### Data shown

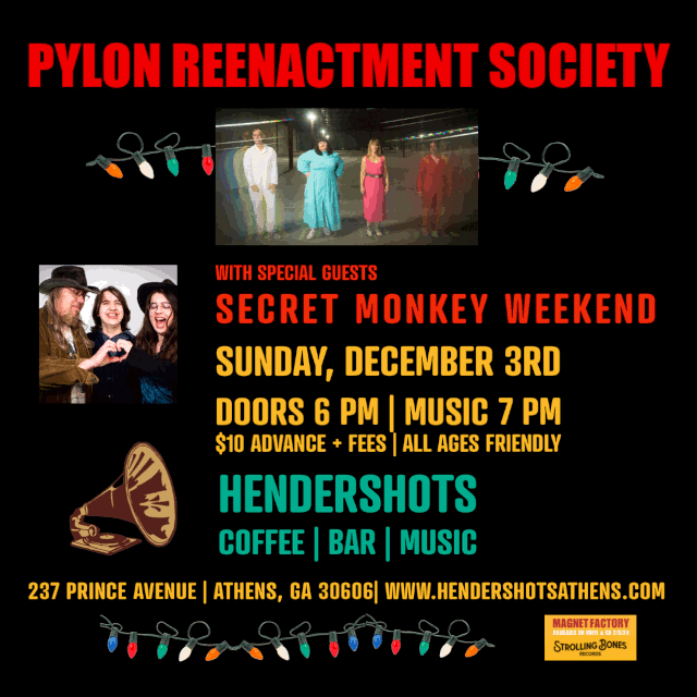 Pylon Reenactment Society will be performing a show at Hendershot's, 237 Prince Ave., Athens, GA, on Sunday, December 3, 2023.
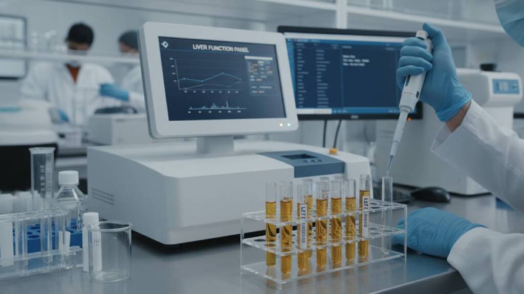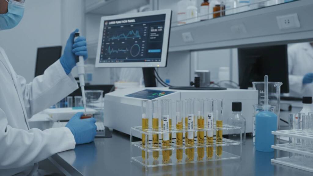 A comprehensive test that evaluates the overall health of the liver. It measures various enzymes, proteins, and substances in the blood to detect liver disease, inflammation, or damage.
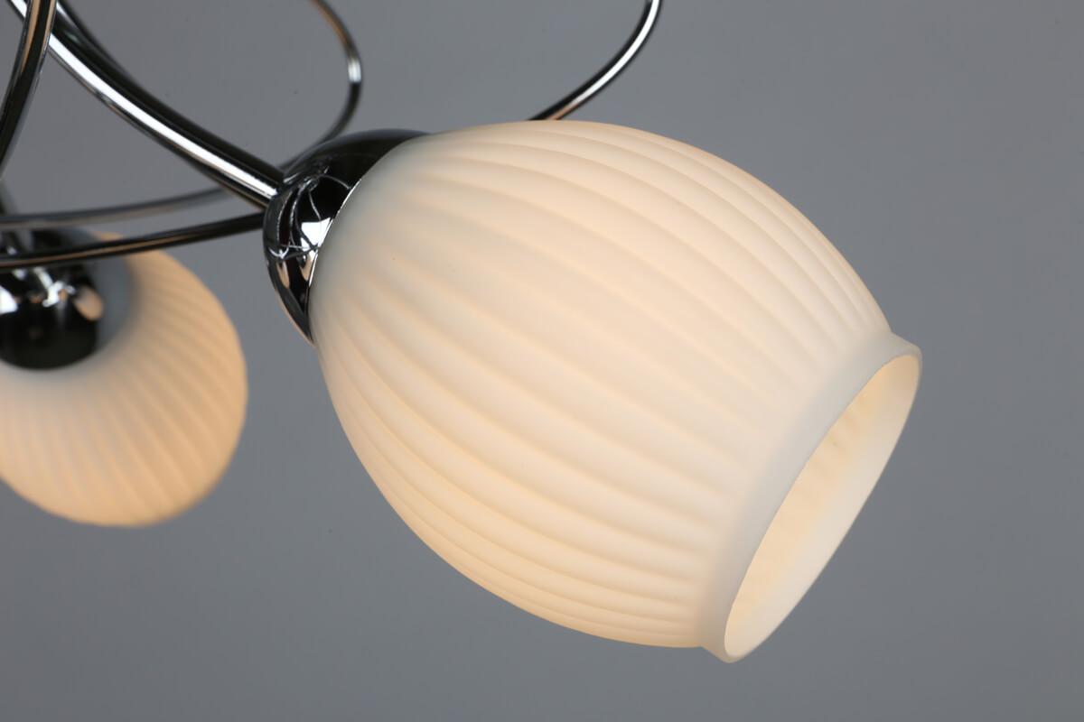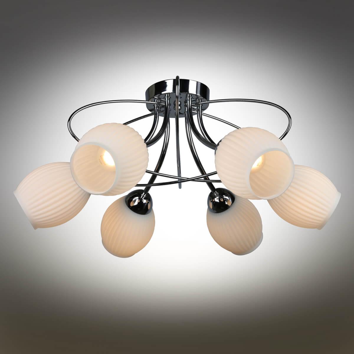 Потолочная люстра Omnilux Calevace OML-54307-06 от Китайского бренда Omnilux из коллекции Calevace будет удачно смотреться в спальни в стиле модерн. Светильник выполнен из стекла с плафонами в форме овала белого цвета.
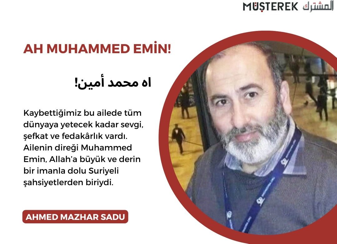 لم تغب عني يا حبيب الروح ورفيقها ولا لحظة واحدة، كان الفؤاد والمخيال يرفرف في ذكراك ومع كل نبرة ذكرى من صوتك وحركتك الدؤوبة على طول المدى، لم يبرح محياك المكان، ولا الزمان أبدًا. وبقيت يا أخي وصديقي ومهجة قلبي (محمد أمين) جوانية نفسي وروحي لم تفارقها يومًا ولا يمكن ذلك كما يبدو مطلقًا، أتذكرك كما الذين رحلوا معك صباح ذلك اليوم اللعين والكارثي، إلى رضوان الله ورحمته، من أسرتك جميعًا. أكتب ودمع العين ينهمر بحرقة وغزارة، وكيف لا يكون ذلك، وأنت في البال أبدًا، وأنت من أنت بما حملته من قيم وأخلاق وإخلاص ومحبة، ورغم قسوة الحياة، وبالرغم من التهجير القسري الذي طالك كما طال الشعب السوري الذي وقف في وجه الجلاد، وأراد الحرية والكرامة لوطنه وناسه ولنفسه، فتم قتله وتهجيره القسري إلى بلاد الله الواسعة.
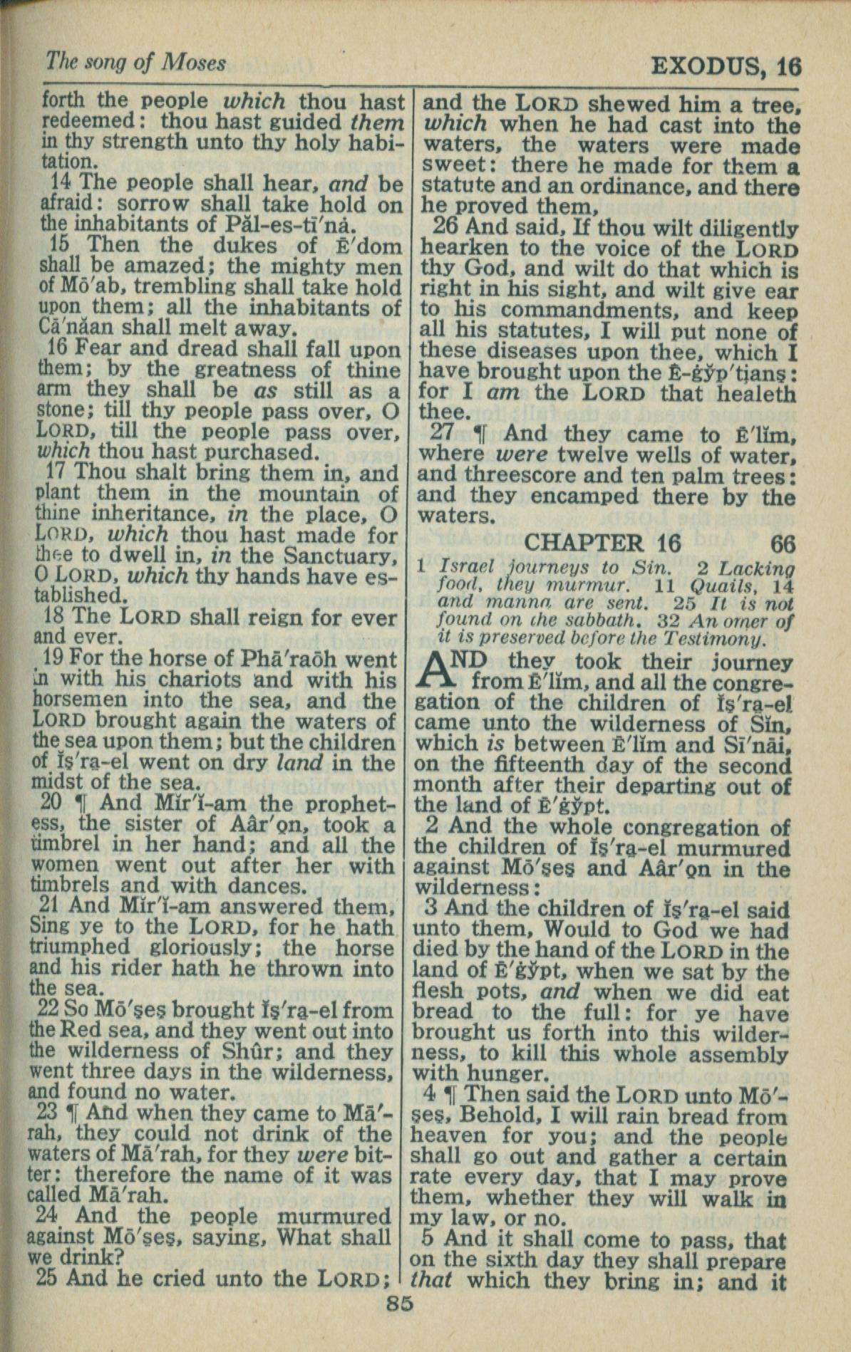 1946年King James Version 出埃及記 15 章 14 節到 16 章 5 節

### What needs to be done
Repeat each line of the listing word for word, from the first through the line that contains "A comprehensive test". Any picture stays out.

### Answer to this task
 Pylon Reenactment Society will be performing a show at Hendershot's, 237 Prince Ave., Athens, GA, on Sunday, December 3, 2023.
 A comprehensive test that evaluates the overall health of the liver. It measures various enzymes, proteins, and substances in the blood to detect liver disease, inflammation, or damage.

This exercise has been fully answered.